〈パリで行われた夏季オリンピックやり投げで金メダルを勝ち取ったハルカ・キタグチは、プラハの空港から、喜びに満ちた人々の待つドマジュリツェ市の広場に直接駆けつけた。
「みなさん来てくださってありがとうございます。ホツコのお祭りに参加できなくてとっても残念でしたが、パリからとてもすてきな金色のメダルを持ってきました」〉
8月12日、第二の故郷・チェコに戻ってきた北口榛花の第一声を、地元紙ドマジュリツキー・デニークが伝えた。昨年秋、ブダペストの世界選手権から帰った時と同じように、どこよりも早くこの街で彼女の優勝祝賀会が行われ、その勇姿と金メダルをこの目で見ようと広場には大勢の人々が集まった。

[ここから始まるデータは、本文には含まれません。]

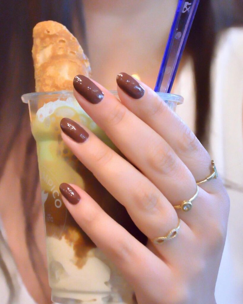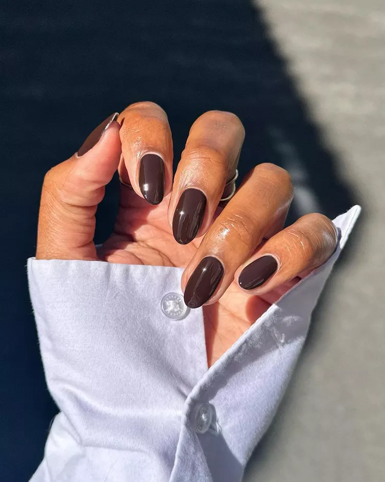 Sometimes, simplicity is best. A solid brown manicure is timeless and elegant, offering a polished and sophisticated look. This deep brown hue will never go out of style and goes well with any outfit.
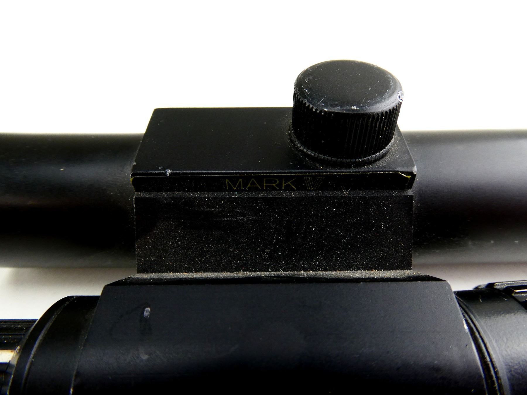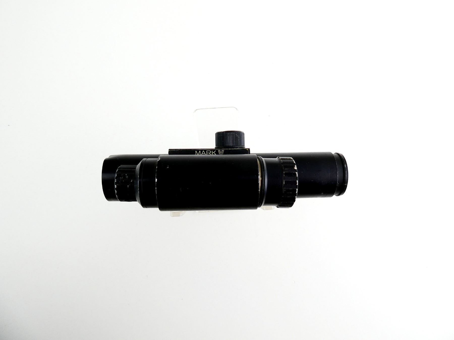 (1) CLEAR OPTICS, WORKING RED DOT RETICLE, WINDAGE & ELEVATION KNOBS TURN, MARKED: "MARK V", UNTESTED, SHOWS WEAR & TEAR / USE MARKS. SEE PHOTOS.

伝統のお祭りと北口の金メダル、Wで盛り上がるドマジュリツェ市
北口が師事するダヴィト・セケラークのチームの拠点であるドマジュリツェ市は、チェコの西ボヘミアにある人口1万人ほどの街だ。ドイツ国境まで10kmほど、ホツコ(Chodsko)と呼ばれる豊かなフォークロア文化を保持する地方の中心都市でもある。
女子やり投げ決勝の行われたその日、ドマジュリツェでは今年で第70回目の記念となるホツコ地方の伝統的なお祭りの日でもあった。人々はお酒を片手に伝統的なフォークロアのステージを楽しんだだけでなく、今年はカフェのスクリーンに五輪のやり投げの中継が映し出され、市長と副市長も観戦するなど、8月のこの週末はホツコのお祭りと北口の金メダルでドマジュリツェはずっとお祝いの空気に満ちていた。
北口榛花の金メダル獲得は、チェコ国内のメディアでも華々しく伝えられた。スポーツニュース専門サイトのiSport.czでは「チェコ選手が獲得した5つのメダルに加えて、もう一つの金メダルがパリからチェコにやってくる」と歓迎し、二人を追い続けたミハル・オソバ記者は「チェコ人コーチが日本人をオリンピック金メダルへと導いた」と絶賛した。